When each one of these areas comes up on the list, I inspect it thoroughly and make notes regarding any issues found or things noticed. Divide up your list so that you make the whole round trip though the list twice each season. Notice that each section of the boat will hold a portion of a system or two and each system is found in more than one area of the boat. So if you get through the list twice, you have actually checked that area multiple times.

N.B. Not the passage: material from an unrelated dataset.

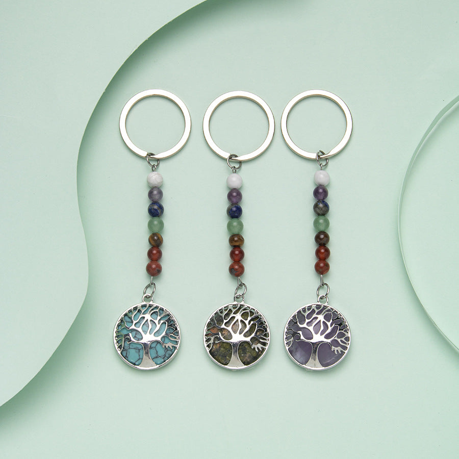 Chaveiro de aço inoxidável com pingente de árvore da vida com 7 cores de veias

So, we have a list and we know when we are going to check the list…great…what now? I give you a few examples (please do not consider this a complete list in any way) of what you are looking for when you are checking a system or section of the boat. If you haven’t done this before, the first time through the list make sure that you have your manuals and owner instructions in a logical place. In the front of your notebook or system manual make notes of equipment model and serial numbers and the number of operating hours if applicable. This is the start to proper system maintenance.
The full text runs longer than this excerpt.